◆ Exercise details
No pictures belong in the copy. Reproduce exactly the lines beginning at the line containing "Espuma 100% poliéster." and continuing to the end of the entries below.

Records from a dataset:
=== Section Start ===

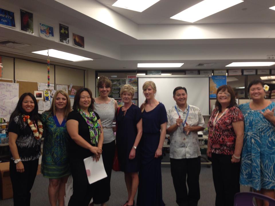 Our friends from Glendal Primary School in Melbourne were finally able to visit us! Here are Roula, Antoinette, Alex, and Christina. We were able to visit their school back in 2010 through JEM, the Joint Environmental Mission. Here’s a blog link about that visit. Sheryl, Gay, Judy, Lehua, and I took turns hosting them throughout the week. I took them site seeing along the Makapu’u coast. We had dinner at the Kona Brewing Company at Koko Marina.
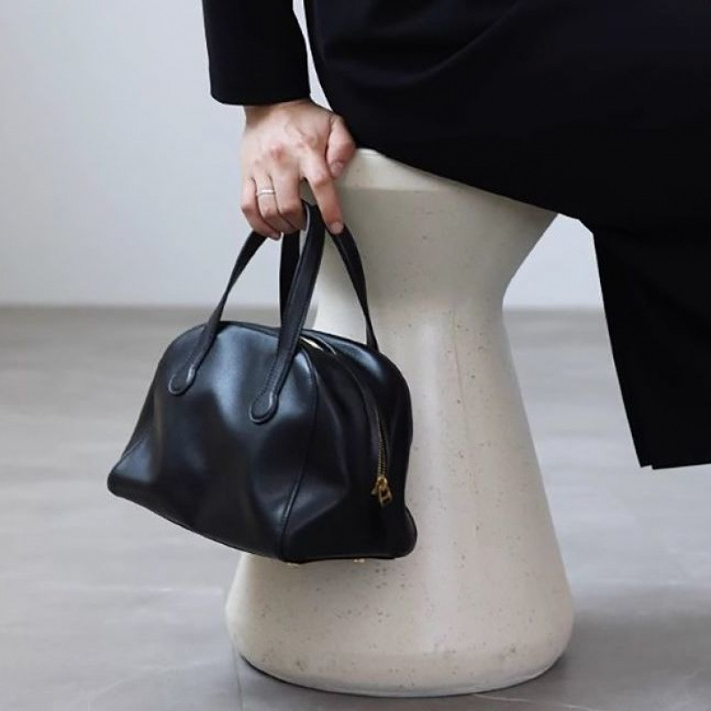 휴대용 보스턴 가방 여성 2025 새로운 블랙 소프트 가죽 고급 필러 볼링 베개 가방
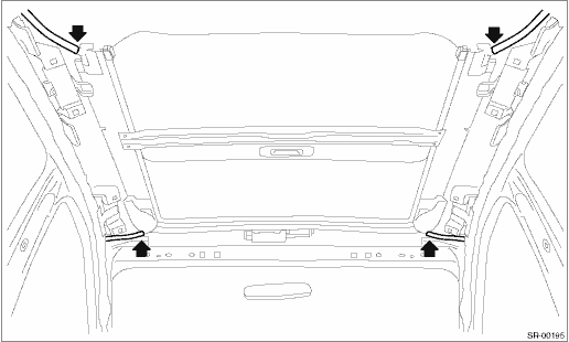 3. Remove the trim panel - roof assembly. Roof Trim > REMOVAL 4. Disconnect the connector of the motor assembly - sunroof. 5. Remove the rail assembly - sunroof. NOTE: When removing the drain tube - sunroof completely, perform the step 7) or 8).
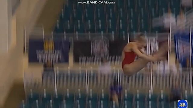 Купальщица подбегает к краю и прыгает с высоты в бассейн.
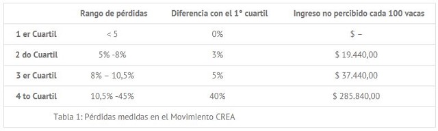 Considerando las mermas relevadas dentro del movimiento CREA, se realizó la estimación de los ingresos no percibidos por venta de terneros no logrados a causa de las mermas preñez-destete. Para ello, se tomó como referencia al rango de pérdidas correspondiente al cuartil superior y se estimó la diferencia de pérdidas de cada rango respecto al cuartil superior (Tabla 1). Las pérdidas se calcularon tomando como referencia un rodeo de 100 vacas preñadas. Con un valor de $7.200 por ternero de 160 kg/cab, si las mermas se encuentran dentro del segundo cuartil, los ingresos no percibidos son de $19.440. Para el tercer y cuarto cuartil, las mermas significan $37.440 y $285.840, respectivamente.
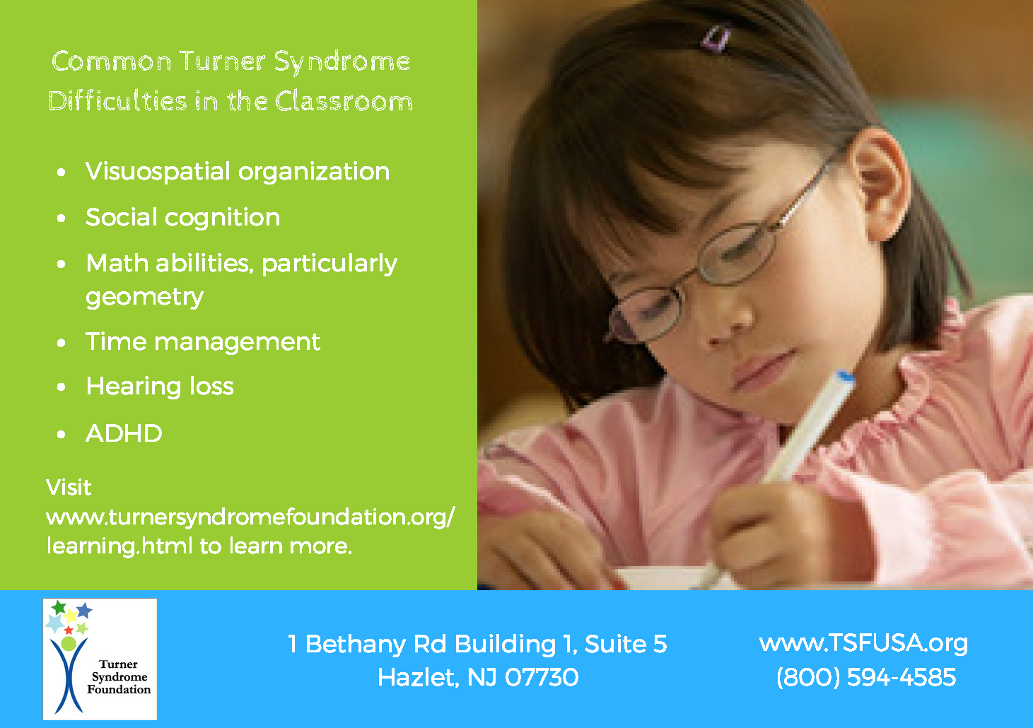 Statistically, in 1 out of every 160 classrooms there is a girl with Turner Syndrome. This guide will help teachers Identify and understand cognitive strengths and weaknesses, social functioning issues, and recommendations to create an optimal learning environment.
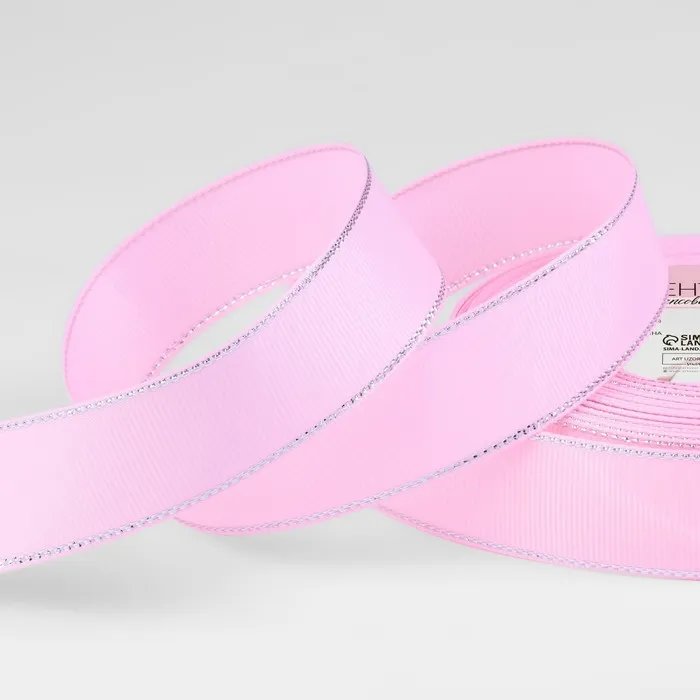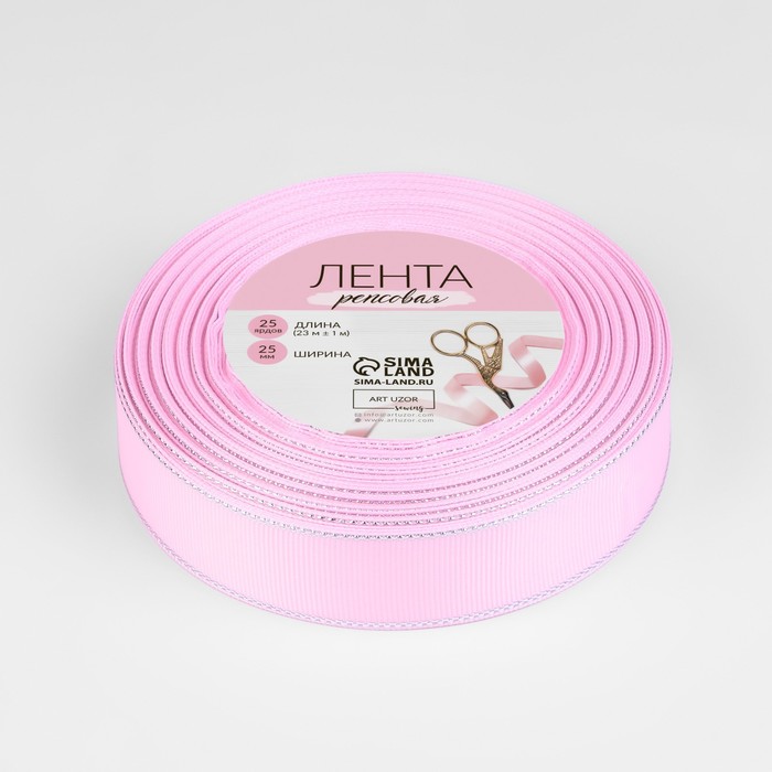 Лента репсовая, с серебряным люрексом, 25 мм, 23±1 м, светло-розовая №004 — Характеристики
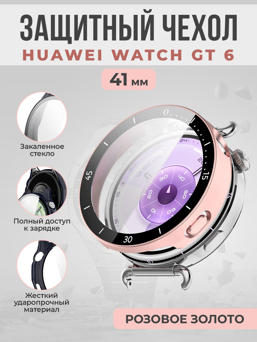 Жесткий защитный чехол со стеклом для Huawei Watch GT 6, 41 мм, розовое золото
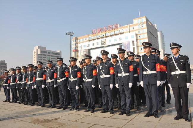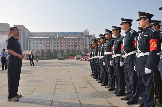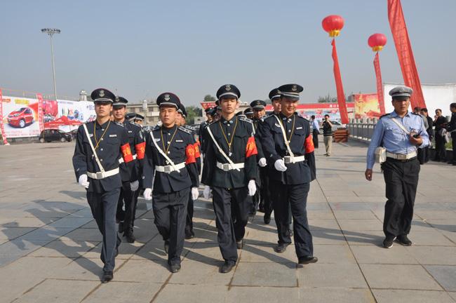 為確保國慶假日期間我市道路平安暢通,加強我市城區(qū)交通環(huán)境整治,按照市公安局領(lǐng)導指示精神,保安公司抽調(diào)68名交通協(xié)管員,配合市公安局交警部門維護我市城區(qū)交通秩序。9月30日上午,保安交通協(xié)管員上崗儀式在五一廣場舉行,市公安局副局長周琦、市交警支隊副支隊長程廣星、保安公司總經(jīng)理韓國華、保安公司人防經(jīng)理蔣子華等領(lǐng)導出席了儀式。
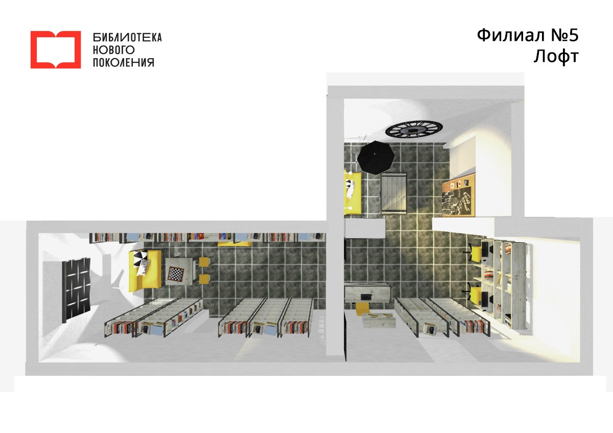 Зал молодежной литературы будет оформлен в функциональном и лаконичном стиле «Лофт». Современные молодые люди ценят в обстановке удобство и эргономичность при минимуме деталей и максимуме полезного пространства. Здесь появятся мягкая зона для группового общения, комфортные места для занятий за компьютерами, мини-фотостудия. Для тех, кто не ищет уединения, а предпочитает проводить время в компании своих сверстников, будут приобретены актуальные настольные игры, неизменно вызывающие интерес у молодежи. Фотостудия с профессиональным оборудованием для съемки позволит юным читателям попробовать себя в роли фотографа, а в оригинальных фотозонах ребята смогут организовать свои первые фотосессии, не покидая стен библиотеки. Обязательным условием в процессе создания современных фотографий является их обработка. Библиотекари познакомят подростков с навыками работы в графических редакторах, проведут занятия на графических планшетах. На полках появится современная литература и все, что необходимо прочесть по школьной программе.
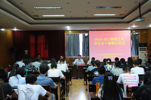 在嘹亮的团歌中,大会拉开序幕。学院党委副书记常振山宣读了聘任决定。张永斌、常振山、王德连分别为团工委学生会各部部长和主席团成员颁发聘书。学生会主席王可心在发言中谈到:新一届学生会是承前启后的一届,更是开拓创新的一届,在继承优良传统的同时,要搭建新的舞台,开创新的局面,努力使学生会的工作提升到新的水平。
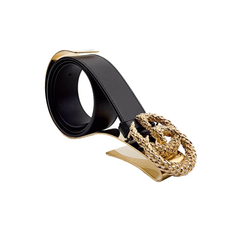 Cintura in Pelle Nera con Fibbia GG Intrecciata Oro
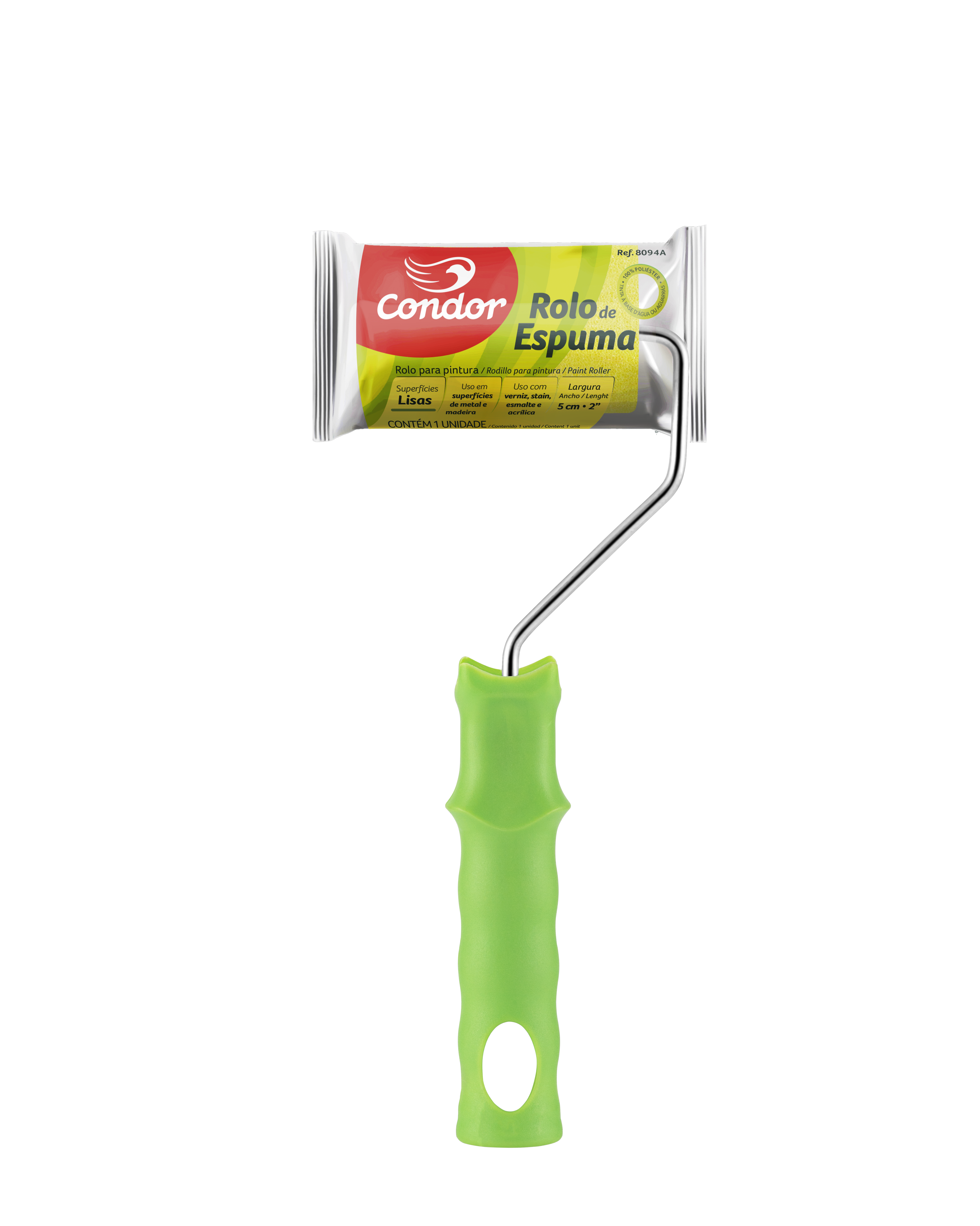 Espuma 100% poliéster. USO COM: Verniz, stain, esmalte e acrílica. Tintas à base d'água ou aguarrás. USO EM: Superfícies de metal e madeira.
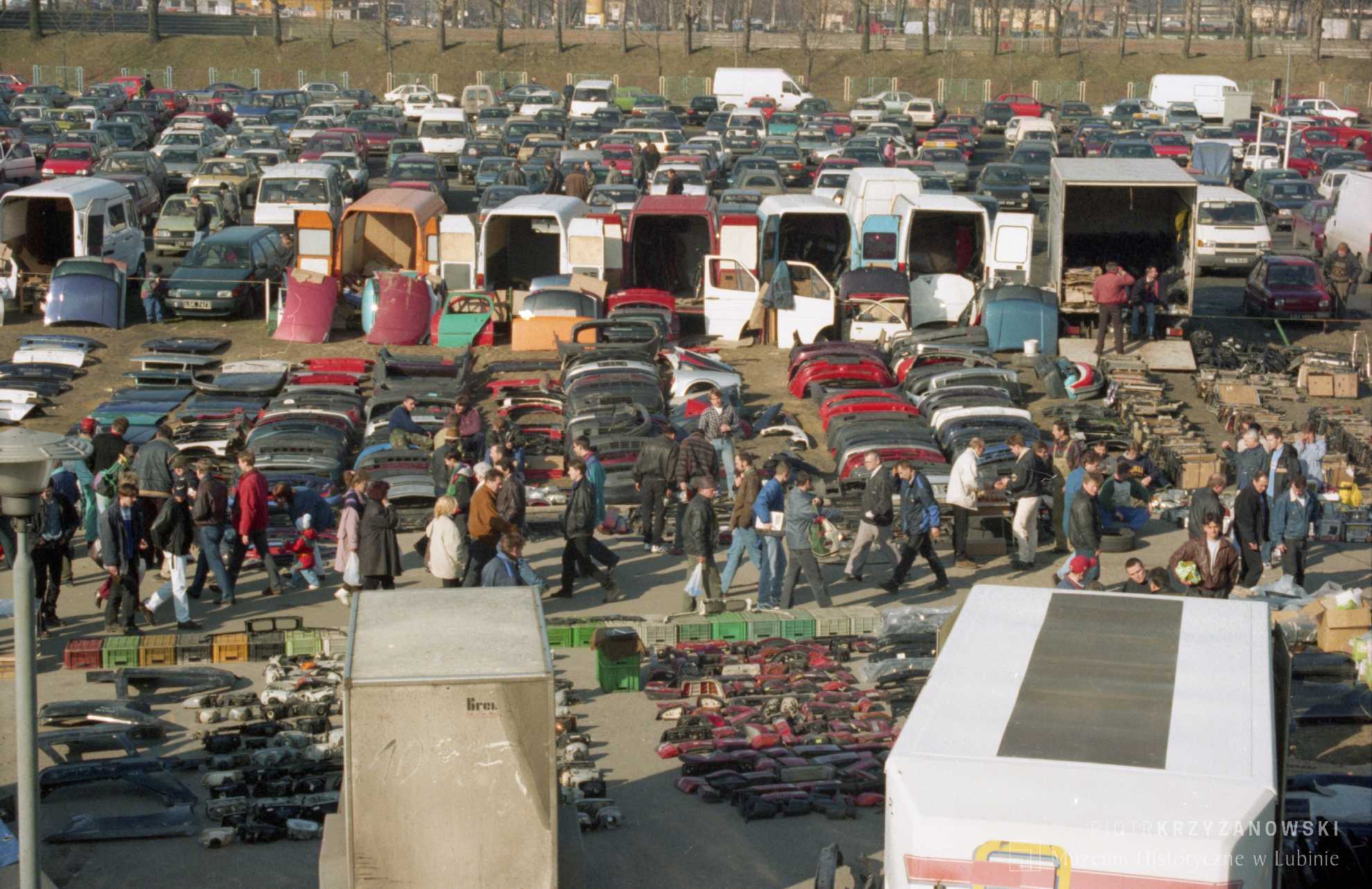Kolorowe fotografie przedstawiają giełdę samochodową odbywającą się co sobotę, a jeszcze wcześniej także w każdą niedzielę przy stadionie Zagłębia Lubin.

=== Section End ===

◆ Solution to this task
 Espuma 100% poliéster. USO COM: Verniz, stain, esmalte e acrílica. Tintas à base d'água ou aguarrás. USO EM: Superfícies de metal e madeira.
Kolorowe fotografie przedstawiają giełdę samochodową odbywającą się co sobotę, a jeszcze wcześniej także w każdą niedzielę przy stadionie Zagłębia Lubin.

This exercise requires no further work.